It appears there are 2 separate and distinct albeit conjoined issues that are being addressed here.
1. Inrush current. Measured in amps.
2. Voltage regulation. Measured in volts.
As I understand it, inrush current is a phenomenon observed when a transformer or a capacitor is initially energized. When a transformer is energized, it can draw a large amount of current, perhaps several times its rated capacity until its core is magnetized and it operating resistance is stabilized. A capacitor does similar until it is fully charged.

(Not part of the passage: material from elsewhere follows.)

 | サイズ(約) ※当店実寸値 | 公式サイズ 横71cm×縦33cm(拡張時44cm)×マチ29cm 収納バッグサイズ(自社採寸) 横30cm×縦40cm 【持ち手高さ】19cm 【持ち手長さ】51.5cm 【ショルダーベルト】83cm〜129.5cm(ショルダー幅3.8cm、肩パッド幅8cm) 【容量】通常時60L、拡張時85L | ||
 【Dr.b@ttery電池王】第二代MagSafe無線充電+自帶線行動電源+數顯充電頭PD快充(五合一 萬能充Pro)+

This inrush current is typically allowed for in the design of the transformer and all downstream components, otherwise, there would be large scale component failures. The primary concern of current inrush is not downstream components but rather upstream components. If the supply for the device is not capable of carrying the large amount of current required instantaneously when the device is brought on line problems can occur. 1) a breaker or fuse can trip or blow, 2) a conductor can burn or overheat, 3) the generation source can be overloaded. A combination of these events may occur, not in the particular order listed.
A breaker tripping or fuse blowing is pretty typical and obvious. Many breaker manufacturers allow for short term transients and some even have adjustments for thresholds. A slow-blow fuse is a primitive time delay overcurrent protection.

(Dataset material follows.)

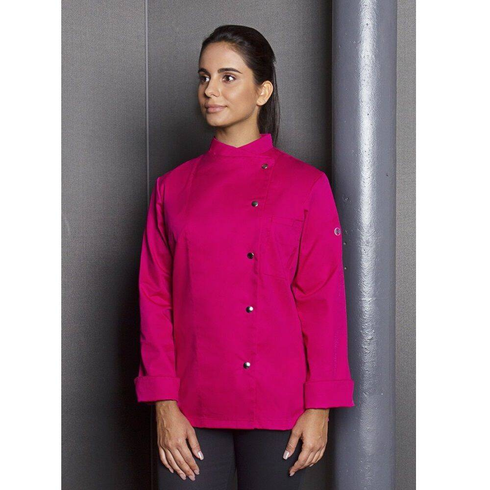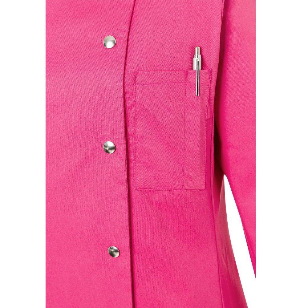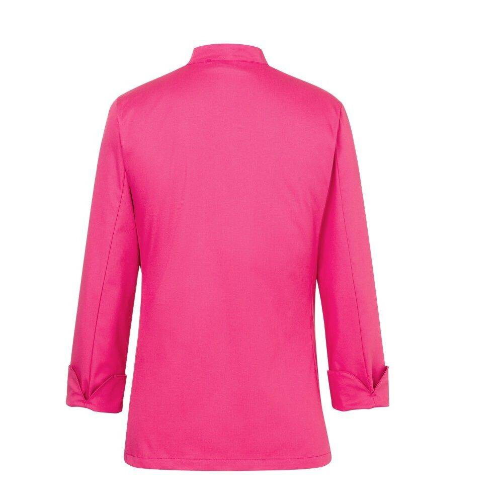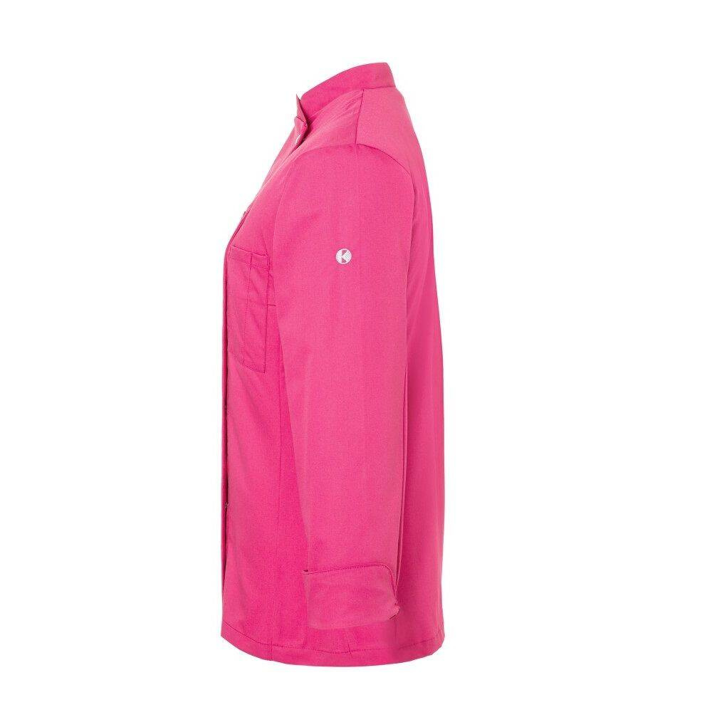 Bluză de bucătar pentru femei Larissa de la Karlowsky. Culoare roz. Realizată din 65% poliester și 35% bumbac. Țesătură diagonală. Bluză de bucătar cambrată cu mâneci lungi. Croiala este evidențiată prin pense la bust și cusături laterale pe față și pe spate. Pe partea stângă a pieptului există un buzunar. Bluză se închide cu 5 nasturi și capse. Poate fi spălată industrial și albita. Disponibilă în mărimi de la 34 la 50.

Another symptom of inrush current is an initial voltage sag followed by a voltage surge. As a switch allows electrons to flow into the transformer or capacitor, the initial low resistance creates a voltage sag. As the transformer and capacitor reach operating condition, resistance is restored and the inrush current comes to a halt with a short voltage rise resulting before the circuit becomes stable as the conga line of electrons that has been rushing to fill the bar suddenly gets the door slammed shut and they all plow into each other.
Protection from these events must be addressed from both current and voltage perspectives if your goal is to extend the life of equipment. As Sluckey indicated, current inrush is most often addressed by use of Thermistors. Thermistors however are not voltage regulators and wil do nothing to prevent sag or surge of voltage in the circuit. To address Voltage sag, a capacitor or battery storage bank is typically used, and to protect from a surge a MOV is typically the most cost effective solution. A well designed and well regulated power supply typically incorporates a Breaker or fuse, a transformer or voltage regulator, a capacitor, and an MOV. In some cases to maximize protection, MOV's are installed both before and after the transformer.
Unless you are located in a third world country or California, where the grid is unreliable and dynamic, these concerns are probably not something you need to lose sleep over when applied to tube amplifiers. One of the beauties of Tube gear is their relatively large tolerance of dirty power and reasonable voltage swing.
I would liken this to an first time expectant mother. If a mother has never birthed a child before, she will think it requires a great amount of diligence and preparation, every last detail has to be planned and a lot of books are read, and doo dads purchased to create the theoretically perfect nest. Diet must be perfect, vitamins taken, doctors visited, birthing classes taken, and baby showers held. Despite all the hand wringing and consternation exhibited by first time mothers, birthing a child is something that happens all the time, most often with little fanfare, often in the most primitive and less than elegant manner and there is little empirical evidence to suggest that a well planned sanitary hospital birth is in some way superior to a birth in the backseat of a car when it comes to the long term effect on the child. General guidelines are sufficient, don't drink, smoke, or do drugs while pregnant, and don't engage in risky behavior before and chances are things will turn out just fine.
If you want that extra peace of mind that having the best OB/GYN care, a sanitary hospital bed and a staff on onlooking spectators can bring, then there is no compelling reason not to spend the extra money but it is still no guarantee that nature will not decide on an alternative course.
Most 3rd or fourth time mothers will likely tell you they went way overboard on their first pregnancy and to save your money for more important things.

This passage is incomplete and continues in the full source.